At least that settles the question of hostile intent , Katy thought. “All ships, bring up the point defence network,” she ordered. There was something about the entire situation that didn’t quite make sense, but there was no longer time to think, only to react. “Fire at will.”
“Deploy the outermost pods,” Admiral Wilhelm ordered. There hadn’t been any more time to delay. The voice of the rebel fleet’s commander had convinced him of that. It would have been nice to close the range a little more, but she wouldn’t allow him to lead her by the nose any further. “Fire at will.”
The display flickered and updated rapidly as the pods fired their missiles. The idea of missile pods hadn’t been a new one, but they simply hadn’t been a workable concept, until now. The Nerds had invented the concept and, for reasons that made little sense to Admiral Wilhelm, had kept them back rather than introducing them to the rebels. He didn’t understand that — and he didn’t understand why they had come to him and offered their support — but he needed them. They had provided his fleet with something an Imperial Navy fleet had lacked after First Harmony; technological equality. Maybe even, they’d hinted, superiority.

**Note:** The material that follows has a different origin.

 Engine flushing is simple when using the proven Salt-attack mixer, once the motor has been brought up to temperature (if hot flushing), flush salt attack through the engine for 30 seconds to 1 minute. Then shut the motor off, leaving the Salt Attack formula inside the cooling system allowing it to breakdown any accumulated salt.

He smiled as the missiles raced towards their targets. The Nerds had solved a problem that had bedevilled missile techs throughout the ages. A missile was too small to carry a power-generating unit — and in any case they were destroyed when they struck their targets — and so they had limited range and speed. A missile in sprint mode would burn out quickly, quickly enough to be useless except at close range, while a longer-ranged missile would be easier for the defender’s point defence to target and destroyed. It was why the rebels had developed the arsenal ships in the first place. They overwhelmed their targets by sheer weight of numbers. The Nerds, however, had managed to extend a missile’s range in sprint mode.

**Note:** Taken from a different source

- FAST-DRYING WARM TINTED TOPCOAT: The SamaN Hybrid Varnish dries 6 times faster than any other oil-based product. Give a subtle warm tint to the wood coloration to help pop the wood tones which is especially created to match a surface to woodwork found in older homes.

“Keep tracking their point defence and analyse it,” he ordered, calmly. His heart was beating rapidly, as it always did when all of his theories and plans collapsed into a battle, but his voice was calm. “Security, what did you make of that transmission?”

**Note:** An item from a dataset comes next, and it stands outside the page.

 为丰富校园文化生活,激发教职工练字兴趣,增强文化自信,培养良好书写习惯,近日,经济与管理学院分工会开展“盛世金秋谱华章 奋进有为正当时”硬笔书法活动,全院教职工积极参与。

His Security Officer, an old friend, frowned. Imperial Intelligence — and, for that matter, the Hohenzollern Clan, would have been horrified to learn how close Wilhelm and his Security Officer had become over the years. It had been another of Carola’s ideas; she had introduced Jake Russell to the woman who would become his wife and encouraged the relationship. It had turned Jake from a sworn enemy — all Security Officers were the enemy until proven otherwise — into a friend and an ally. Wilhelm didn’t know for sure, but he would bet his last credit that Colin Harper had had a similar arrangement. How else would he have gotten away with it for so long?
“It was odd, wasn’t it?” Jake agreed, calmly. He never sounded emotional over anything, but his wife. “It wasn’t a precise warning, just… a standard warning. I’ll start working on tracking down the person who sent the signal, but if it was programmed into the system, it could have been done weeks ago.”